Specificity of the Glutamine‐Binding Site Involved in the Regulation of Glutamine‐Synthetase Activity in Hepatoma Tissue‐Culture Cells

Glutamine accelerates the degradation of glutamine synthetase in hepatoma tissue culture cells. Compounds structurally related to glutamine were tested for their ability to mimic or antagonize this effect of glutamine. 6‐Diazo‐5‐oxo‐ l ‐norleucine, like glutamine depressed the activity of glutamine synthetase in hepatoma tissue culture cells. l ‐Methionine sulfone, albizzine, l ‐methionine sulfoxide, l ‐γ‐glutamyl hydrazide and γ‐ N ‐methyl‐ l ‐glutamine (listed in order of decreasing potency) were antagonists which prevented the effect of glutamine on glutamine synthetase activity.

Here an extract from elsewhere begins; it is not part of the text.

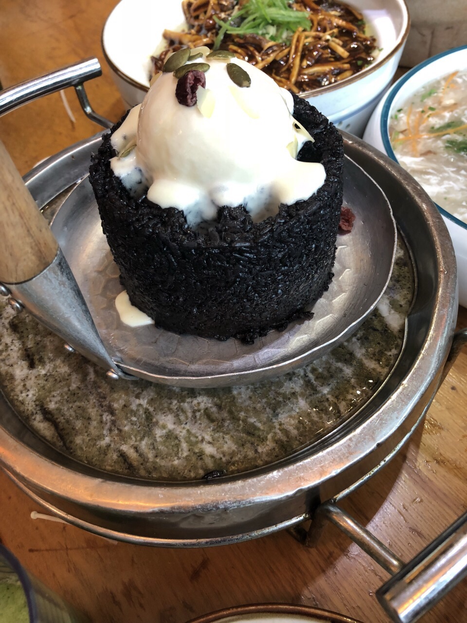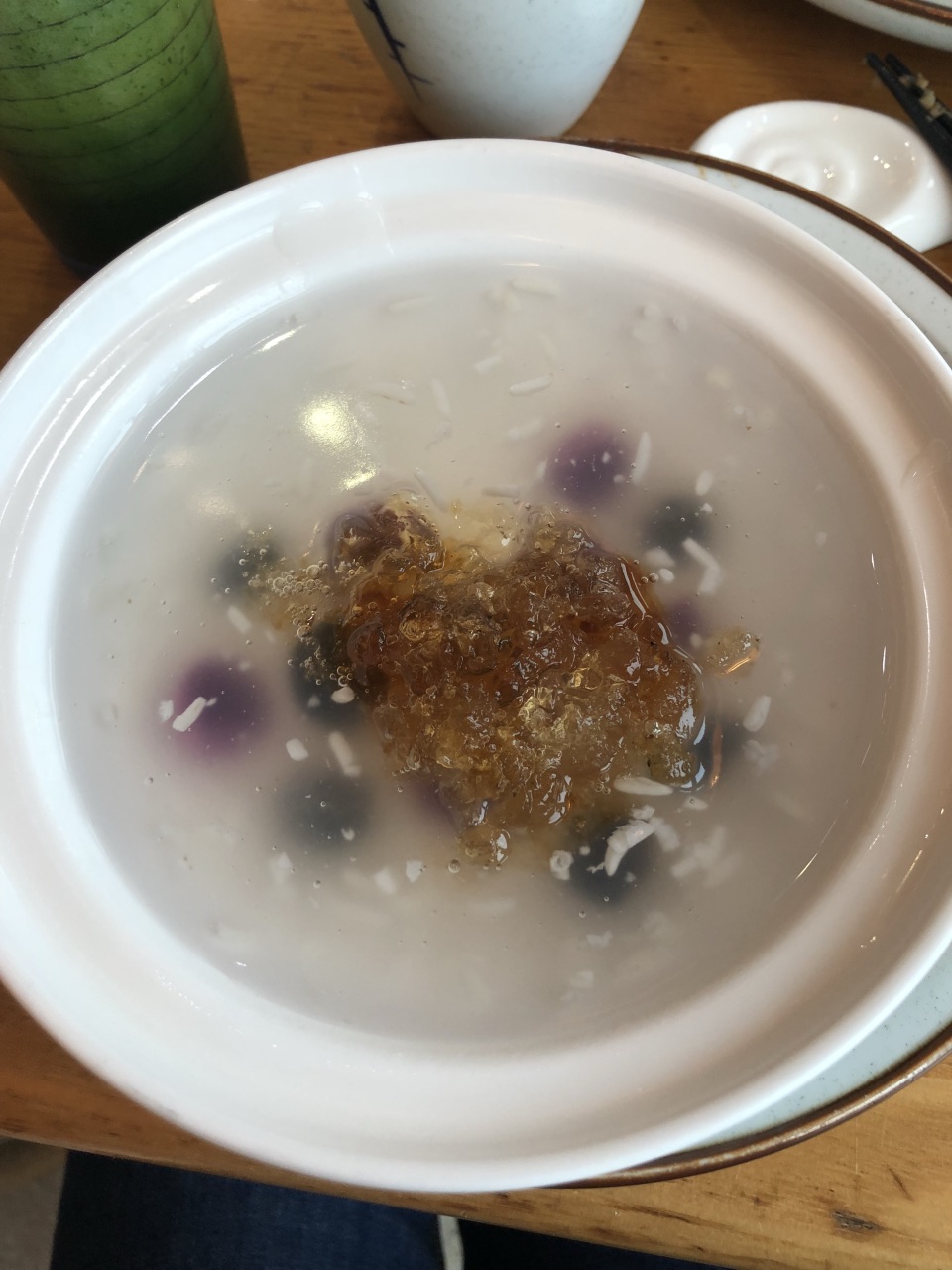 特别推荐桃花坞酒酿桃胶,三色的小丸子加上酒酿加上桃胶,清甜爽口位于万象城内,一半的座位是临湖,一边看风景一边品尝美食。 特别推荐桃花坞酒酿桃胶,三色的小丸子加上酒酿加上桃胶,清甜爽口。 燃烧吧,蜂窝煤:黑米做成蜂窝煤形状,加上一个冰淇淋,很有创意。

These antagonists had little effect on glutamine transport or protein synthesis of hepatoma tissue culture cells and their effects were reversible. The effects of compounds on glutamine synthetase activity in cell‐free extracts of the cells were examined. Diazo‐oxonorleucine and albizzine inhibited neither the transferase nor the synthetase activity of glutamine synthetase. This observation is interpreted to mean that the glutamine‐binding site involved in the regulation of glutamine synthetase activity of hepatoma tissue culture cells is not the active site of the enzyme.